→ WORK INSTRUCTIONS
For the material below, set down exactly the lines between the one containing "Bên ngoài sân, không" and the last line, both included, leaving every picture out.
[DATA PROVIDED — start]
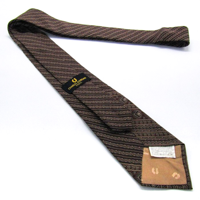 シャルル・ジョルダン ブランド ネクタイ シルク ストライプ柄 小紋柄 PO メンズ ブラウン CHARLES JOURDAN 【中古】
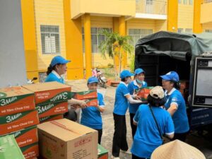 Bên ngoài sân, không khí càng khẩn trương hơn khi những chuyến xe tải chờ sẵn để nhận hàng cứu trợ. Các chị em phối hợp với lực lượng địa phương chuyền tay nhau từng thùng carton, từng bao gạo, bao quần áo, và các nhu yếu phẩm. Một hàng người nối dài, từng món quà được đưa lên xe bằng tất cả sự trân trọng và yêu thương. Khi tất cả hàng hóa đã được sắp xếp hoàn chỉnh và những chuyến xe đầu tiên lăn bánh, phía sau là ánh mắt dõi theo đầy hy vọng của các hội viên. Ánh mắt ấy chất chứa niềm tin và kỳ vọng rằng những phần quà tuy nhỏ bé nhưng trọn vẹn tình người sẽ tiếp thêm sức mạnh cho đồng bào miền Trung vượt qua khó khăn, sớm ổn định cuộc sống.
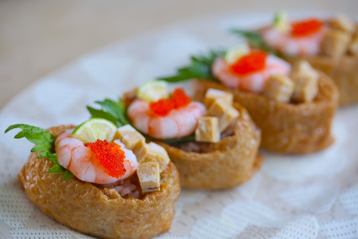 3.1に大葉、むき海老、卵焼き、とびっこ、すだちを飾る。
[DATA PROVIDED — finish]
→ RESPONSE TO THE TASK
 Bên ngoài sân, không khí càng khẩn trương hơn khi những chuyến xe tải chờ sẵn để nhận hàng cứu trợ. Các chị em phối hợp với lực lượng địa phương chuyền tay nhau từng thùng carton, từng bao gạo, bao quần áo, và các nhu yếu phẩm. Một hàng người nối dài, từng món quà được đưa lên xe bằng tất cả sự trân trọng và yêu thương. Khi tất cả hàng hóa đã được sắp xếp hoàn chỉnh và những chuyến xe đầu tiên lăn bánh, phía sau là ánh mắt dõi theo đầy hy vọng của các hội viên. Ánh mắt ấy chất chứa niềm tin và kỳ vọng rằng những phần quà tuy nhỏ bé nhưng trọn vẹn tình người sẽ tiếp thêm sức mạnh cho đồng bào miền Trung vượt qua khó khăn, sớm ổn định cuộc sống.
 3.1に大葉、むき海老、卵焼き、とびっこ、すだちを飾る。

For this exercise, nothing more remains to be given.